Al día siguiente, los periódicos dieron un poco más de información. El misterioso objeto estaba orbitando a unos 79 grados por fuera del ecuador, no los 90 grados de una órbita polar propia. Su órbita también era muy excéntrica, con un apogeo de 1,728 km, pero sólo un perigeo de 216 kilometros. El objeto hace una órbita completa cada 104.5 minutos.

En ese momento, la Armada estaba siguiendo la carcasa de un viejo lanzamiento del Discoverer, una media concha de poco menos de 6 metros de largo. El Discoverer VIII había sido lanzado el 20 de noviembre de 1959, un paso en el camino hacia el lanzamiento de un hombre al espacio y luego recuperarlo en una cápsula en paracaídas. El lanzamiento salió como estaba previsto, pero su misión de expulsar su cápsula de 136 kg no lo fue. Las cubiertas de la cápsula se desprendieron según lo planeado, pero la propia cápsula se desvió hacia una órbita algo similar a la del objeto misterioso y, al final, fue declarada perdida[5]. La Marina rastreó una de las cubiertas, que entonces estaba orbitando cada 103 minutos a 80 grados, con un apogeo de 950 km y un perigeo de 187 kilómetros. El objeto conocido como Caballero Negro era similar, pero no exactamente el mismo.
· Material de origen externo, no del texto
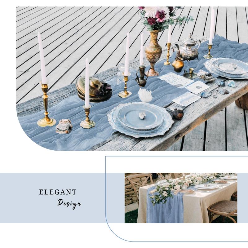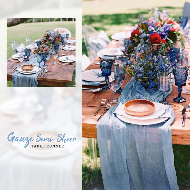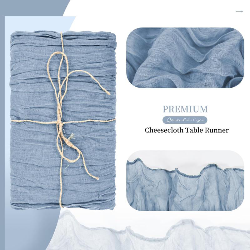 Made from 100% premium gauze polyester, these cheesecloth table runners offer a soft, romantic drape that instantly elevates any setting. The natural texture and semi-sheer finish create a dreamy bohemian look — perfect for rustic weddings, bridal showers, and cozy gatherings. Each runner measures 10FT (21.5"x120"), long enough to cover standard banquet tables with a beautiful cascading effect.
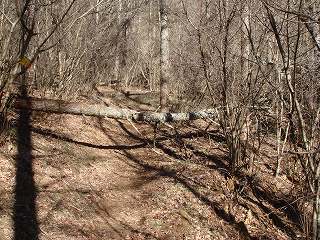 __(登山道に倒れこんだカラマツ)_______(カラマツ林に作られた防火帯)
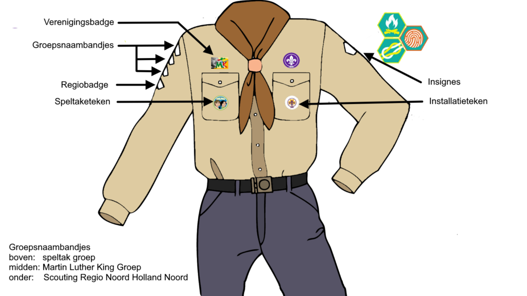 Bevers dragen een rode blouse, de Welpen een groene, de Padvindsters en Verkenners een beige en de Explorers een donkerrode. Stammen dragen een specifieke blouse. De blouse krijg je niet bij je installatie, maar moet voor de tijd aangeschaft worden. In het gebouw en onder het kopje downloads op onze website vind je het bestelformulier. Samen met de leiding vul je dit formulier in en wordt deze aan de penningmeester gegeven om te bestellen. De blouse kan ook los besteld worden via de Scoutshop. Alle benodigde insignes moeten via het bestelformulier besteld worden omdat deze niet te vinden zijn in ene online shop.
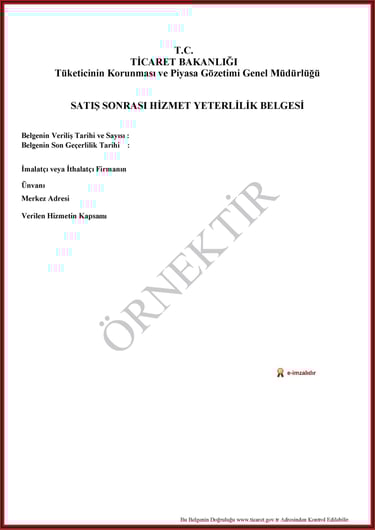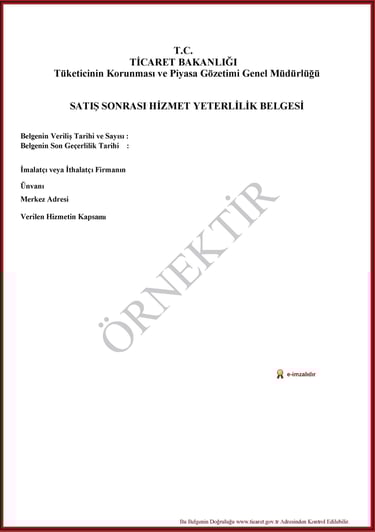 Satışı yapılan ürünler için, satış sonrası servis, bakım ve onarım gibi hizmetlerin belirli standartlara uygun olarak verildiğini gösteren belgedir.
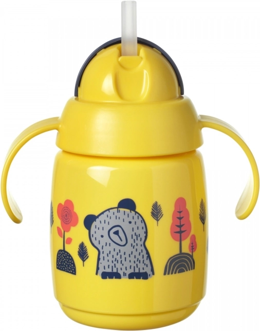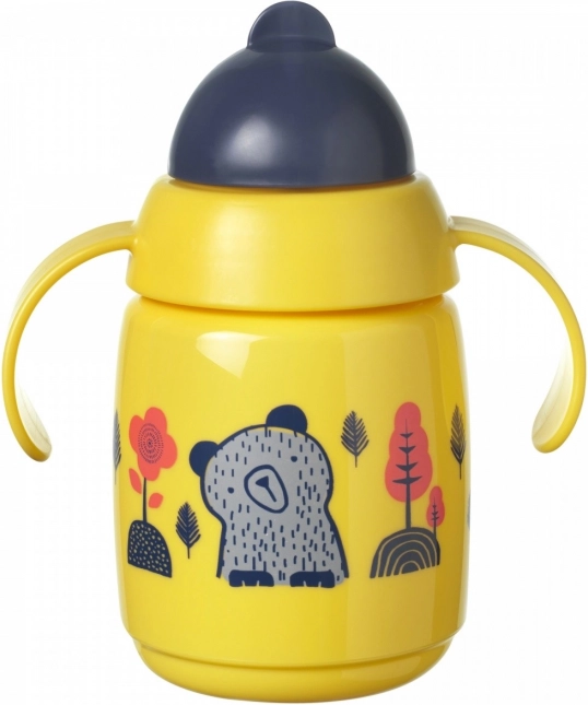 Żółty treningowy kubek Tommee Tippee to świetna alternatywa dla klasycznych kubków niekapków. Kubek ma miękką silikonową słomkę, która ułatwia picie bez konieczności nadmiernego przechylania. Obciążenie słomki umożliwia picie pod dowolnym kątem. Uchwyt jest zaprojektowany tak, by łatwo mieścił się w małych dziecięcych dłoniach, a kubek wspiera rozwój mowy i motoryki orofacjalnej.

Y luego, en 1963, el astronauta Gordon Cooper reportó haber visto un OVNI verdoso durante su órbita 15a a bordo del Mercury 9. Fue visto en las pantallas de radar por aproximadamente 100 personas en la estación de seguimiento de Muchea de la NASA cerca de Perth, Australia. Una explicación oficial dada más tarde fue que los aparatos electrónicos de Cooper no funcionaban correctamente. La realidad del Caballero Negro parecía ser innegable.